Secondary Modern

Submitted by Reddebrek on September 5, 2016

The miner, still sweat on his brow and dirt from the pit.
The fence old, worn and broken, singing a song of wonders
And the bird singing a song of scorn.
And the children, happy now
But what after they reach the gate of their home?

—13-YEAR-OLD from a "rather weak middle stream"

in a Leeds secondary modern school
Practically everybody treats you like a scruff.
—14-YEAR-OLD from form 4E

in a West Riding secondary modern school

EVERYONE KNOWS A SECONDARY MODERN CHILD: there are so many of them. Three quarters of the children in this country receive a secondary modern education on leaving their primary schools. When, under the slogan, "secondary education for all", the 1944 Education Act turned the senior departments of the old elementary schools into "secondary modern" schools, as from 1st April, 1945, nothing was changed.
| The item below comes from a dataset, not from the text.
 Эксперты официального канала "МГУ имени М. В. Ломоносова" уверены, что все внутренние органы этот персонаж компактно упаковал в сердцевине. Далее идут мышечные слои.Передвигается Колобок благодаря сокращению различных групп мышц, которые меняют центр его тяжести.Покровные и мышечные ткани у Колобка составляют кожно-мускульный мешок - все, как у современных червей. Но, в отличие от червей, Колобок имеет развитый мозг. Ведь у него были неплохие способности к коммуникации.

The children, the teachers and the buildings were the same. Some of the schools had been foreshadowing the kind of work associated with the idea of secondary education freed from the grammar school strait-jacket of university entrance requirements for years, others developed it slowly. Some haven't developed it yet. In April, 1947, the leaving age was raised to 15. Soon afterwards the first of the emergency-trained teachers came into the schools, bringing ideas and attitudes from other occupations than teaching. Today, seventeen years after the secondary modern schools began their official existence, about a third of the 4,000 odd such schools in England and Wales are in post-war buildings or in pre-war buildings "reasonably appropriate for secondary education". The rest inhabit what the NUT called "a mass of out-of-date elementary schools completely unsuited to modern educational needs".
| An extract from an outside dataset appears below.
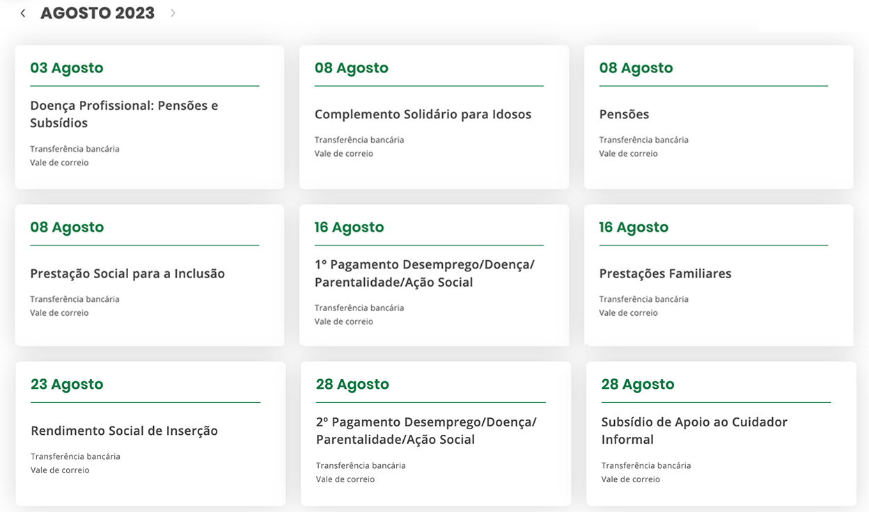 As datas de pagamentos da Segurança Social de Agosto já estão disponíveis. Se recebe subsídios ou pensões, veja aqui quando pode contar com essa ajuda.

When ANARCHY published its recent issue on comprehensive schools, several contributors mentioned the impossibility of generalizing about them, they were all so different. Exactly how many of them are of the kind described in Edward Blishen's The Roaring Boys, or exactly how many are really better schools than the socially-esteemed grammar schools of the same neighbourhood is impossible to say. A far greater proportion than either are probably places of which the best, and worst, that can be said is that they fail to make an impression on the majority of the children who pass through them before joining our nation of semi-literate conformists — a nation, as Michael Young puts it, "of failures with only a thin elite of super-trained people at the top." (In purely economic terms, this has been expressed by John Vaizey (The Cost of Education) in his finding that "A grammar school child receives 70 per cent more per year in expenditure than a child in a secondary modern school, and nearly double per school life.").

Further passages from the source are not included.